When taking the geometric mean of all the raw performance results, the default “high performance” power profile yielded the best performance with the ACPI CPUFreq performance governor. That though shouldn’t be much of a surprise. Running in the Efficiency Mode with the ACPI CPUFreq schedutil configuration led to 75% the performance overall of the defaults.
Here is a look at the AC “wall” system power consumption of this EPYC Turin 1P server across all of the benchmarks conducted. The total server power consumption was 70% that of the highest Balanced Memory Performance mode.
The CPU power consumption in the Efficiency Mode was at 64% the highest average, which is a significant savings while enjoying ~75% the performance.
For those curious what the peak CPU frequency looked like across the duration of all the benchmarks conducted.

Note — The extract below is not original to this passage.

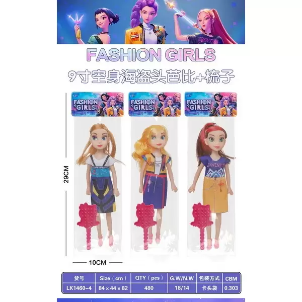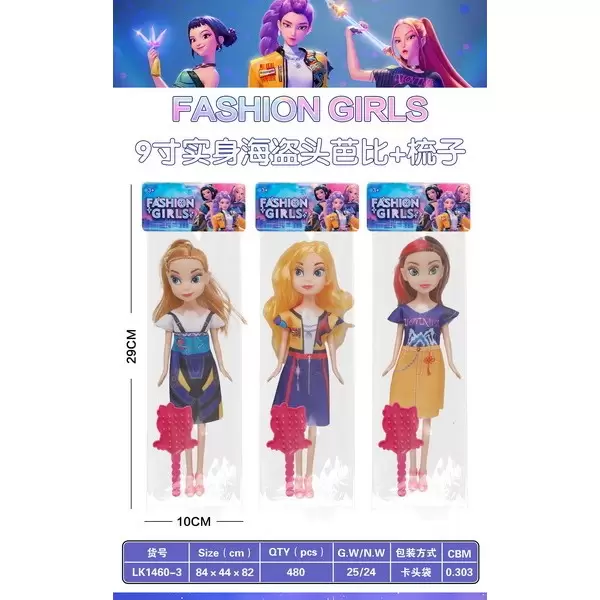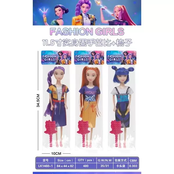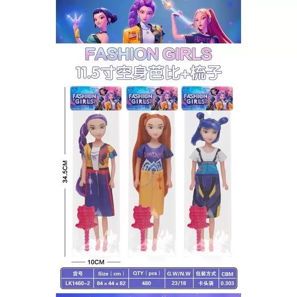 货号1460-1系列,11.5寸实身固手娃娃+梳子 (3款混装)娃娃,欢迎咨询订货

Going in-step with the power savings, the CPU thermals were also lower in the Efficiency Mode and other tuned Power Profile states.
That’s the breakdown of data for those curious about AMD EPYC Turin with the Power Profile Selection options and using the ACPI CPUFreq driver. Again if you want to see even more workloads covered, there are 170+ benchmarks via this result file with all of the raw data collected. See last week’s article for numbers with AMD P-State using completely different processors and server platform.